Can you share the kernel here? I think int8 matmul performs best when a is row-major and b is col-major (this also applies to cublas & cutlass).
As mentioned by @daadaada
yeah, didn't understand what that means concretely before, and looks like this restriction comes from TensorCore itself?
I suppose it's indeed implementation related. Da can provide you more information.
Yep, Ampere Tensor Cores require the layout. And the transposing of i8 matrices is slow. So make sure a
is row-major and b
is col-major in matmul(a, b)
.
resolved. thanks everyone for help!
@jerryzh168 Did chaning the layout of matrices makes int8 matmul faster? I am still getting worse latency using int8. Can you share your experience here?

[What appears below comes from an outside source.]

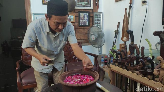"Kami rutin setiap tahun, tepatnya saat Satu Suro atau satu Muharram selalu memandikan benda-benda pusaka seperti keris dan tumbak," kata Wildan di rumahnya, Rabu (19/7/2023).
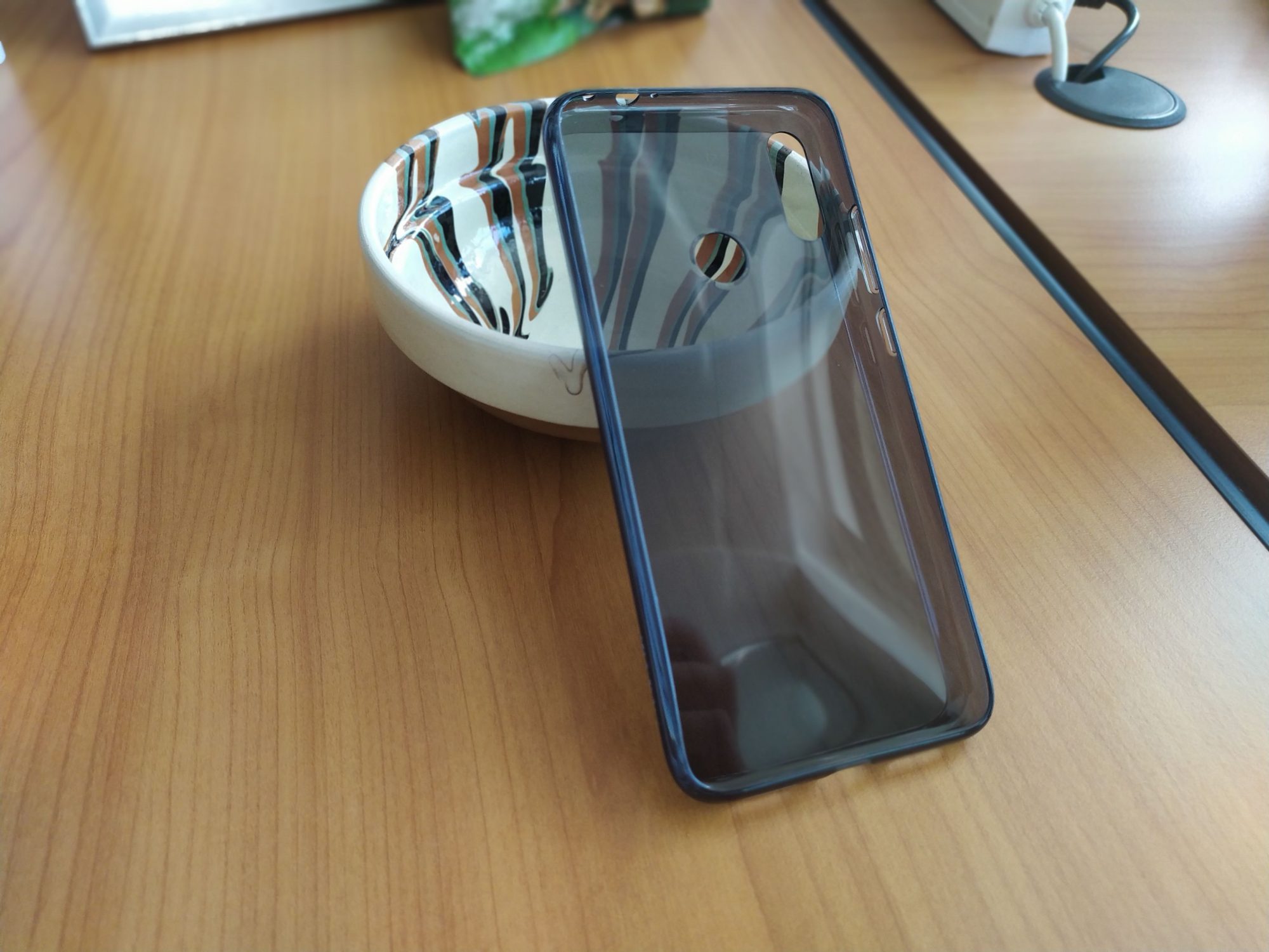 Cutia in care vine este dreptunghiulara (paralelipiped dreptunghic, pentru cei mai catolici), insa care nu seamana cu cele in care vin „fratii” de la Xiaomi. Aceasta este alba, cu insertii si text portocaliu, si pare prietenoasa. Cred ca, inca de aici se vede ca marca se adreseaza mai mult tinerilor. In interior avem telefonul, o husa de silicon transparent, cateva manuale, cheita de la SIM-tray si incarcatorul de perete.

@jerryzh168 I am keen to know if your achieved better perf with INT8
@linxihui @david-macleod Yes. I change the layout and the latency is from 1.44ms -> 0.286ms, (M, N, K) = (4096, 4096, 4096). fp16 is 0.51ms
Hi,
I compared the matmul perf in fp16 and int8, using the tutorial code in https://triton-lang.org/master/getting-started/tutorials/03-matrix-multiplication.html#sphx-glr-getting-started-tutorials-03-matrix-multiplication-py, and got the following result:
in A100 GPU. so for fp16 the TF/s is reasonable since the peak is 314 TF/s in tensorcore, for int8 it seems to be off by a lot, is this expected?